Self-care - Will you expect your children to do age appropriate self-care tasks themselves? Or will you do it for them as long as they want you to? (for example: your teen is capable of washing laundry, will you expect them to do at least some of it or will you do it all? or If your 5 year old is capable of taking his supper plate to the sink will you expect him to do it every time or will you do it for him and only expect him to do it when specifically asked?)

Address - How will you expect your children to address other people? Mr and Mrs? Sir and Ma'am? Helen and Bob? buttmunch? Will their friend's parents be addressed as Tom and Martha or Mr and Mrs Doe or Jimmy's Mom and Dad? How about the cashier at the gas station? Addressed by the name on the tag, sir, ma'am, miss, lady with the funny hair?

Sex - Yes, I said it. Sure your baby is innocent. But eventually they all grow up and my how the time flies! Before you know it your child is in need of some answers. What will yours be? Discuss it now so you aren't caught off guard. What exactly do you want the final result to be? How much are you ready to discuss with a 5 yr old who asks why she's different from her brother? How about a 2 yr old who wants to shower with Daddy? Are you ok with that? Things to think about.

Chores - Let kids play and be kids right to age 18 and then tell them to grow up? Choose a set time to start teaching it? When will that time be? Age appropriate chores as deemed ready?
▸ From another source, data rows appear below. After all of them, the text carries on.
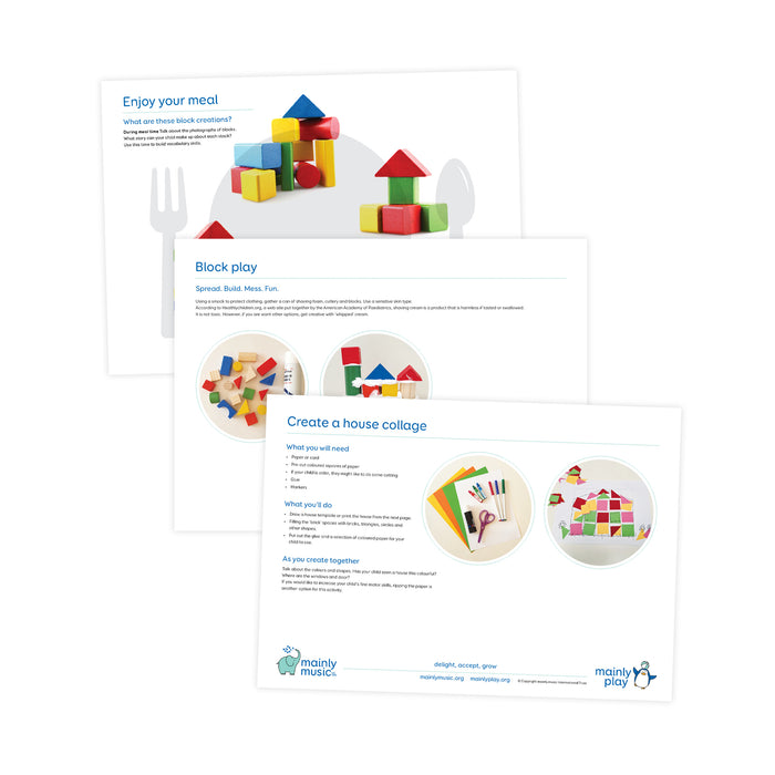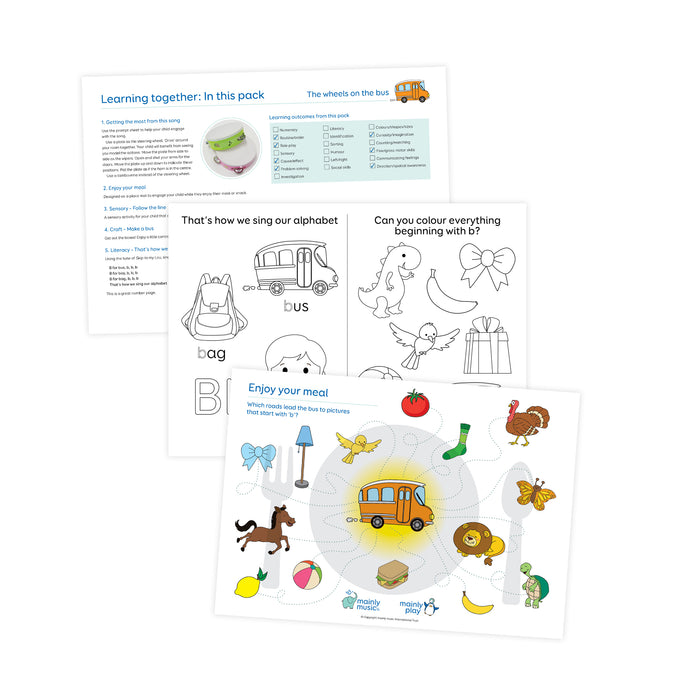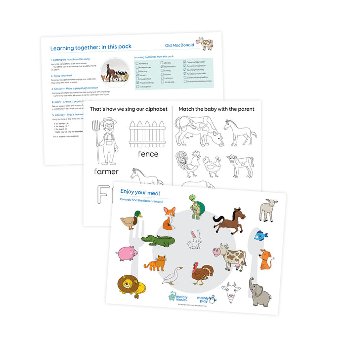 Each pack contains a song that you can play on your phone or device, along with activity sheets to print. The words to the song will be included along with ways to use the song for the best enjoyment and educational outcome for your child. From this range, you'll get a selection of activities to do with your preschool child. (1) Props to add enjoyment to the song. (2) A place mat – make meal or snack times fun with an activity. (3) A sensory activity – using items you’ll have around your home. (4) A craft – created with components available mostly from your grocery store. (5) A literacy and coloring sheet.
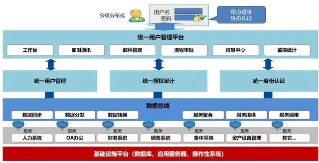 通过统一身份管理平台将资源进行抽象解耦整合,转化为场景化应用可复用、易共享的核心能力,既包括了企业通用的基础服务组件、数据管理标准和共享运营中心,也包括面向不同行业场景中的行业共用的基础信息管理。
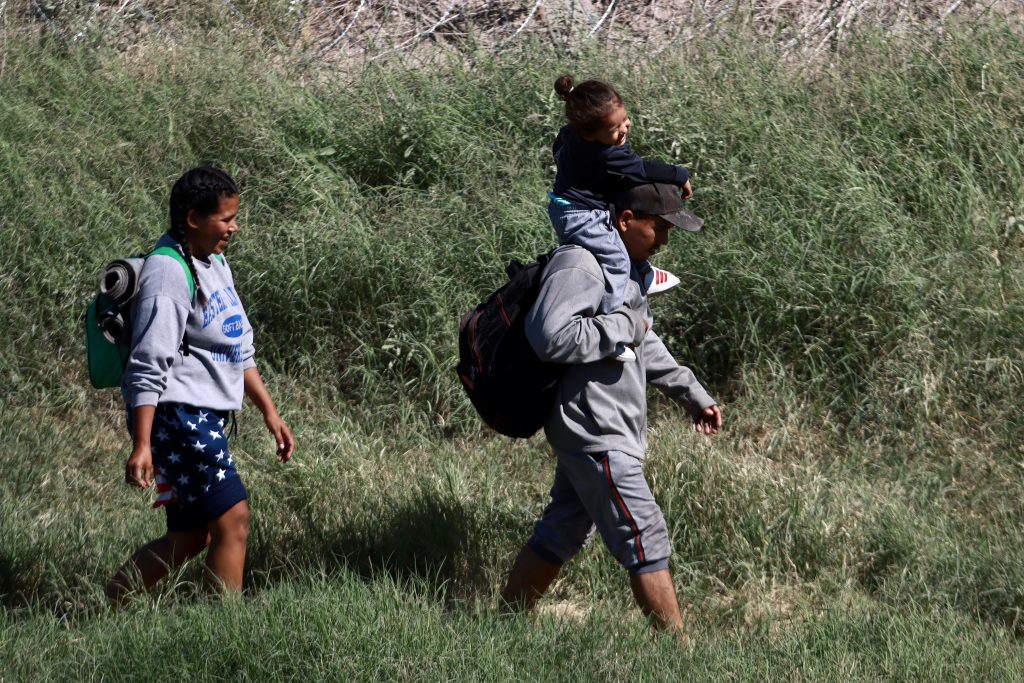 Una menor, en hombros de su padre, parece haber olvidado los casi 5 mil de kilómetros de distancia que ha recorrido desde su natal Venezuela. Ahora sonríe, quizá, porque sabe que están a punto de alcanzar el sueño americano, la caricia del tío Sam.
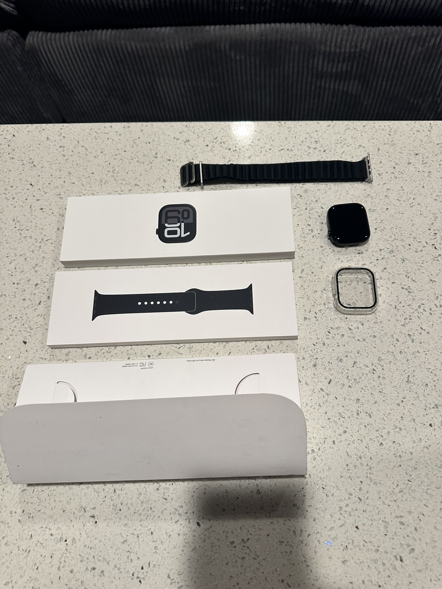 Apple Watch Series 10 - 46mm (Aluminum Case, Ion-X Glass) ✅ Good condition – 9/10 aesthetics ✅ Fully functional ✅ Comes with original box and charger Lightly used and well taken care of. No cracks or major scratches. Great for fitness tracking, calls, and notifications.
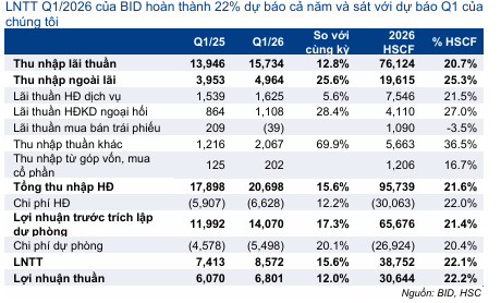 Bảng 1: Tóm tắt KQKD Q1/2026, BID
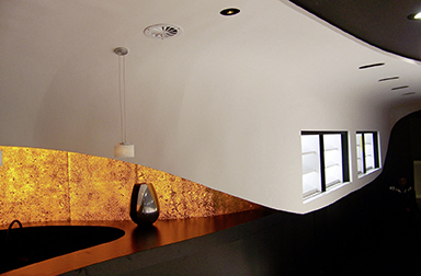 Aménagement d’un bureau d'évènement dans la capitale belge. L'élément principal est le comptoir qui rappelle une baleine. Le comptoir est revêtu de placage en bambou....
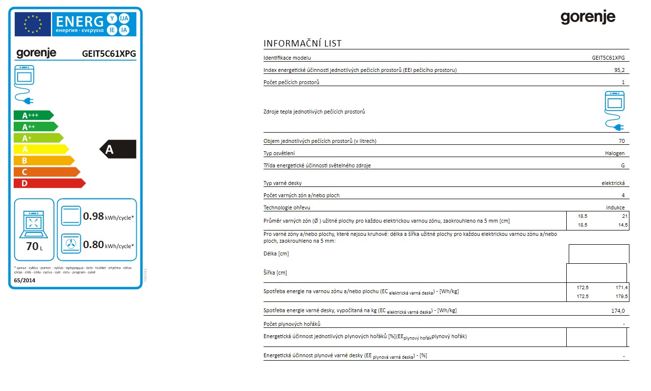 kombinovaný sporák • energetická trieda A • objem 74 l • horný a spodný ohrev • Eco Clean čistenie rúry • bezpečnostné prvky: Stop Gas, detský zámok, chladné dvierka • príslušenstvo: rošt, XXL hlboký pekáč • V × Š × H: 85 × 50 × 59,4 cm

Gender roles - Will you encourage gender roles? dolls for girls, cars for boys.... girls in the kitchen, boys in the garage? Gender neutral everything until they 'find themselves'? Will your 2 yr old boys be allowed to have a pink doll and buggy if they ask for one? Will your little girls be invited to help change the car tire?

respect - for both people and possessions. What are your expectations for home? Home is where you let loose and it's ok to use the sofa as a launchpad? Ok to use the tv as a toy too? How about mom's make-up? Ok to climb on people? (Maybe your family is active and sports are common enough that this IS ok, or maybe someone in the family needs a more gentle approach so it won't be ok)

tv - Set time? Anytime? Only when a parent needs a breather? Anything they want or limited?

schooling - if they will go to school then is your view on discipline at school that it's the SCHOOL'S responsibility to ensure proper discipline while at school? or will you take an active part in it? (I know parents who think both ways)

These are a few of the many disciplines that begin being learned as infants. We'll spend the coming week discussing some of the HOW for these. Feel free to leave comments or ask questions!

TRAIN THEM UP IN THE WAY THEY SHOULD GO AND THEY WILL NEVER STRAY!